/AzureSpherePlantMonitor

🌱Azure Sphere app to monitor and publish sensor data about plants

Primary LanguageCMIT LicenseMIT

Azure Sphere Plant Monitor (Sprout)

An AVNET MT3620 starter kit magnetically attached to a shelf Sprout dashboard showing soil moisture data

An Azure Sphere app to periodically monitor and publish sensor data about some houseplants to a public dashboard. Automatically polls data from two chirp! soil moisture sensors, a SHT31D tempurature/humidity sensor, a ALS-PT19 lux sensor, and a LPS22H pressure sensor through a LSM5DSO Gyro.

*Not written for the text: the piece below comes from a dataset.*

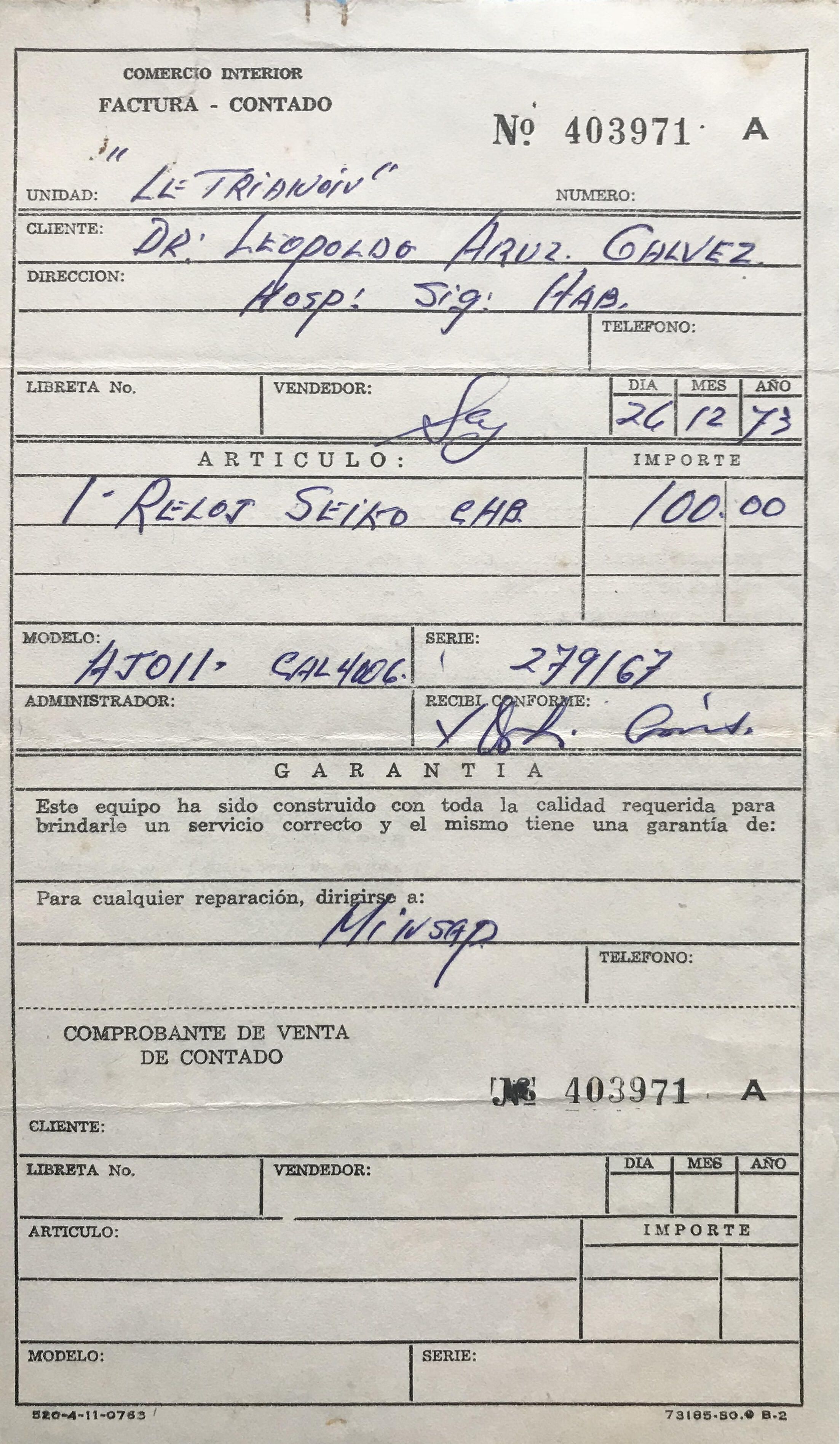 Sold to doctors in 1973.Collection

Data is then translated into a JSON package and uploaded through Azure IoT to an Azure Function, which loads this data into a MongoDB hosted on Atlas. After this data is loaded, it can queried by the SproutServerless Lambda and served to the Sprout Dashboard.

This program was built for the AVNET Azure Sphere MT3620 Starter Kit V1, but should still operate on other hardware given correct configurations.

Examples of the data collected is shown below. Current readings of all of these sensors can also be viewed on the Sprout dashboard.

  • Temperature data over one day: Graph of tempurature data logged using this project over a two week period
  • Temperature data compared with humidity data over one day: Graph of temperature and humidity data logged using this project over a two week period
  • Soil moisture data over one day from both sensors: Graph of soil moisture data logged using this project over a two week period
  • Soil moisture data reacting to the plant being watered: Graph of soil moisture data logged using this project over a short period, showing a large spike in one of the sensors readings

Internally, this program uses the EventLoop API for thread-safe event loop management and C-Macro-Collections for message queues. Sensors are polled every minute, and the resulting messages are uploaded ever 10 minutes. In the event of a network disconnection, messages are queued until the network is reconnected or the queue becomes full. A global state machine keeps track of the current network state, triggering reconnection attempts with exponential backoff on disconnection. Messages that fail to send due to the network disconnecting are re-queued in no particular order, and as a result the ordering of messages is not guarenteed (but can be reassembled using the message timestamp).

This project is a collaboration between Melanie Gutzmann (dashboard + api) and Noah Koontz (api + IoT data collection).